-- PROBLEM STATEMENT --
What should be copied is the stretch of entries below from the line with "Amazon Basics Lightweight" up to and including the line with "Gold plated drop", exactly and without images.

-- INFORMATION SUPPLIED --
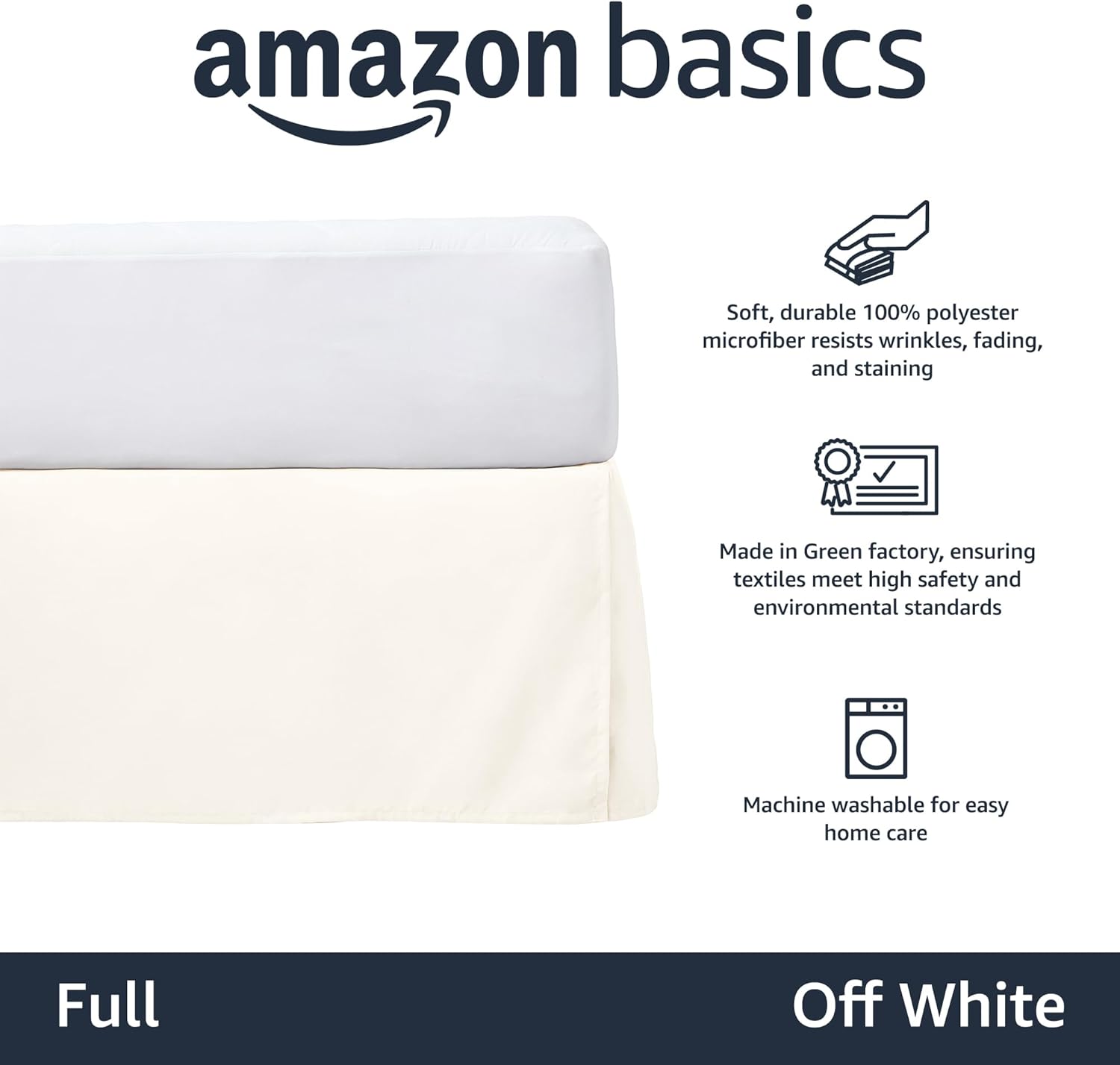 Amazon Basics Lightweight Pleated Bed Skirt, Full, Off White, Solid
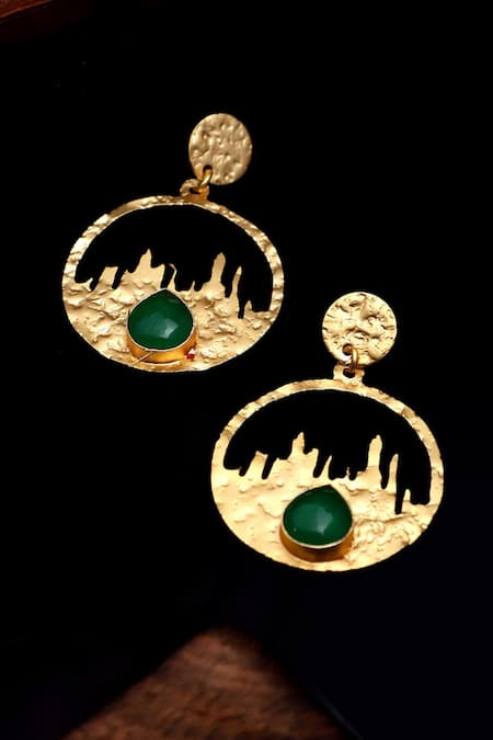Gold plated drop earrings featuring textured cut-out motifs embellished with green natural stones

--

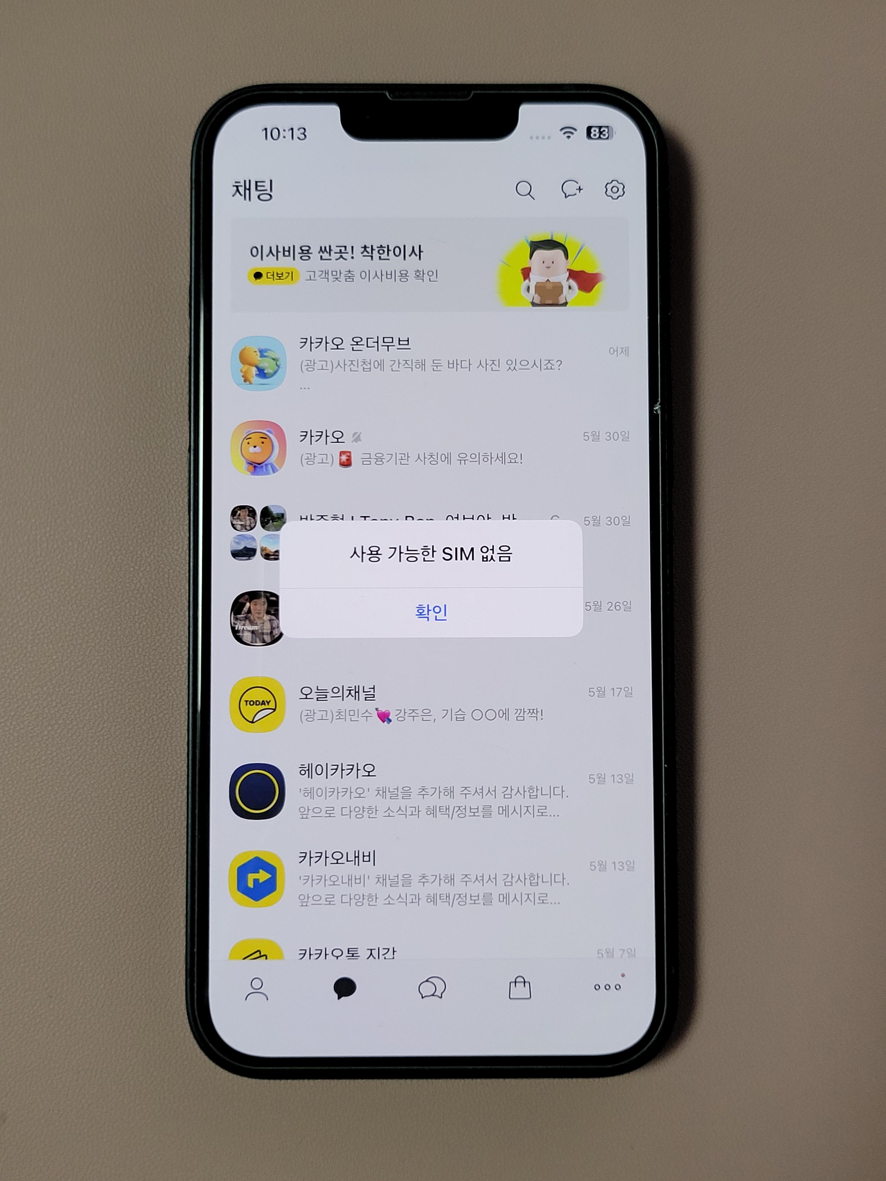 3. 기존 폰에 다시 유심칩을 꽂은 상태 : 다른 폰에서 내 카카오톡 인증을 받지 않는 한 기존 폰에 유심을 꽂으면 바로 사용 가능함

-- TASK SOLUTION --
 Amazon Basics Lightweight Pleated Bed Skirt, Full, Off White, Solid
Gold plated drop earrings featuring textured cut-out motifs embellished with green natural stones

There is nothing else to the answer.